# SQL Agent for Spider text-to-SQL benchmark

This notebook demonstrates a basic SQL agent that translates natural language questions into SQL queries.

## Environment

For this demo, we use a SQLite database environment based on a standard text-to-sql benchmark called [Spider](https://yale-lily.github.io/spider). The environment provides a gym-like interface and can be used as follows.

In [1]:
# %pip install spider-env
import sys
sys.path.append('/home/simges/autogen/autogen/')

import json
import os
from typing import Annotated, Dict

from spider_env import SpiderEnv

from autogen import ConversableAgent, UserProxyAgent, config_list_from_json

gym = SpiderEnv()

# Randomly select a question from Spider
observation, info = gym.reset()

Loading cached Spider dataset from /home/simges/.cache/spider
Schema file not found for /home/simges/.cache/spider/spider/database/twitter_1
Schema file not found for /home/simges/.cache/spider/spider/database/flight_4
Schema file not found for /home/simges/.cache/spider/spider/database/small_bank_1
Schema file not found for /home/simges/.cache/spider/spider/database/icfp_1
Schema file not found for /home/simges/.cache/spider/spider/database/epinions_1
Schema file not found for /home/simges/.cache/spider/spider/database/company_1
Schema file not found for /home/simges/.cache/spider/spider/database/chinook_1
/home/simges/.cache/spider/spider/database
music_4/music_4.sqlite


In [2]:
# The natural language question
question = observation["instruction"]
print(question)

Find the famous titles of artists that do not have any volume.


In [3]:
# The schema of the corresponding database
schema = info["schema"]
print(schema)

CREATE TABLE "artist" (
"Artist_ID" int,
"Artist" text,
"Age" int,
"Famous_Title" text,
"Famous_Release_date" text,
PRIMARY KEY ("Artist_ID")
);
CREATE TABLE "volume" (
"Volume_ID" int,
"Volume_Issue" text,
"Issue_Date" text,
"Weeks_on_Top" real,
"Song" text,
"Artist_ID" int,
PRIMARY KEY ("Volume_ID"),
FOREIGN KEY ("Artist_ID") REFERENCES "artist"("Artist_ID")
);
CREATE TABLE "music_festival" (
"ID" int,
"Music_Festival" text,
"Date_of_ceremony" text,
"Category" text,
"Volume" int,
"Result" text,
PRIMARY KEY ("ID"),
FOREIGN KEY ("Volume") REFERENCES "volume"("Volume_ID")
);



## Agent Implementation

Using AutoGen, a SQL agent can be implemented with a ConversableAgent. The gym environment executes the generated SQL query and the agent can take execution results as feedback to improve its generation in multiple rounds of conversations.

In [10]:
os.environ["AUTOGEN_USE_DOCKER"] = "False"
config_list = config_list_from_json(env_or_file="OAI_CONFIG_LIST")

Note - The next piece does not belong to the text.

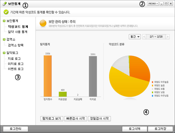 알약에서 탐지된 악성코드의 탐지횟수, 치료성공, 치료실패, 미치료 여부를 확인할 수 있으며 위험도에 다른 분류 그래프를 확인할 수 있습니다.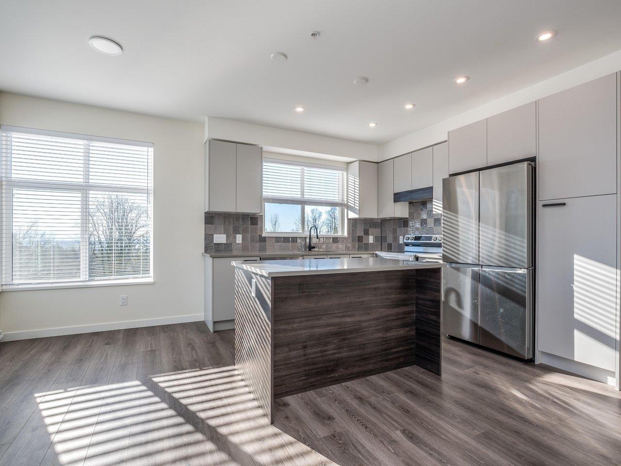 VISTA! This bright, SE facing, large corner unit features 2 bedrooms plus den and 2 full bathrooms. Open-concept layout with soaring ceilings and expansive windows overlooking the courtyard! The modern kitchen boasts sleek quartz countertops, stainless steel appliances, tiled splashbacks and plenty of cabinetry. Step out to your patio-perfect for morning coffee and evening relaxation. Enjoy resort-style amenities with fully equipped fitness centre, children's playground, and resident lounge. Two side by side parking stalls included. Ideally located steps from parks, trails, shopping, dining, and transit. Quick possession possible! (32348294)

def check_termination(msg: Dict):
    if "tool_responses" not in msg:
        return False
    json_str = msg["tool_responses"][0]["content"]
    obj = json.loads(json_str)
    return "error" not in obj or obj["error"] is None and obj["reward"] == 1


sql_writer = ConversableAgent(
    name="sql_writer",
    llm_config=config_list[1],
    system_message="You are good at writing SQL queries.",
    is_termination_msg=check_termination,
)
sql_executor = ConversableAgent(
    name="sql_executor",
    llm_config=config_list[1],
    system_message="You are supposed to execute sql queries generated by sql_writer",
    is_termination_msg=check_termination,
)
user_proxy = UserProxyAgent(name="user_proxy",
                            human_input_mode="NEVER", 
                            code_execution_config=False,
                            llm_config=config_list[1],
                            max_consecutive_auto_reply=5)

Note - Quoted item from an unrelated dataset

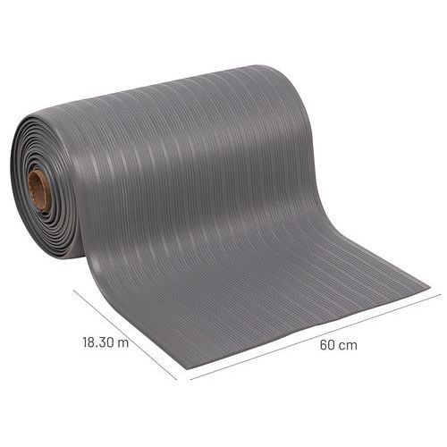 Przemysłowa mata przeciwzmęczeniowa Manutan Expert z rowkowaną powierzchnią, 1 830 x 60 cm, szara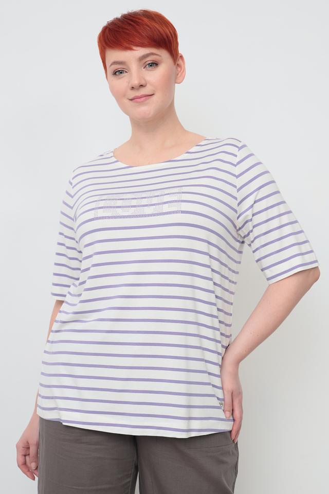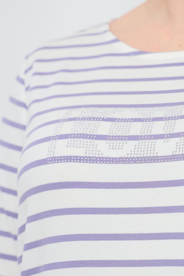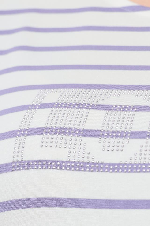 Женская футболка Frapp белого и лавандового цвета в горизонтальную полоску. Модель выполнена из мягкой вискозы с добавлением эластана, обеспечивающего комфортную посадку. Футболка украшена небольшим декором из страз. Состав: вискоза 90%, эластан 10%

@user_proxy.register_for_execution()
@sql_executor.register_for_llm(description="Function for executing SQL query and returning a response")
def execute_sql(
    reflection: Annotated[str, "Think about what to do"], sql: Annotated[str, "SQL query"]
) -> Annotated[Dict[str, str], "Dictionary with keys 'result' and 'error'"]:
    print("xxxxxxxxxxxxxxxxxxxxxxx " + str(sql))
    observation, reward, _, _, info = gym.step(sql)
    error = observation["feedback"]["error"]
    if not error and reward == 0:
        error = "The SQL query returned an incorrect result"
    if error:
        return {
            "error": error,
            "wrong_result": observation["feedback"]["result"],
            "correct_result": info["gold_result"],
        }
    else:
        return {
            "result": observation["feedback"]["result"],
        }
print("funcccccccccccs: " + str(sql_executor.llm_config["tools"]))

import autogen
groupchat = autogen.GroupChat(
    agents=[user_proxy, sql_writer, sql_executor],
    messages=[],
    max_round=12,
    speaker_selection_method="round_robin",
    allow_repeat_speaker=False,
)

manager = autogen.GroupChatManager(groupchat=groupchat, llm_config=config_list[1])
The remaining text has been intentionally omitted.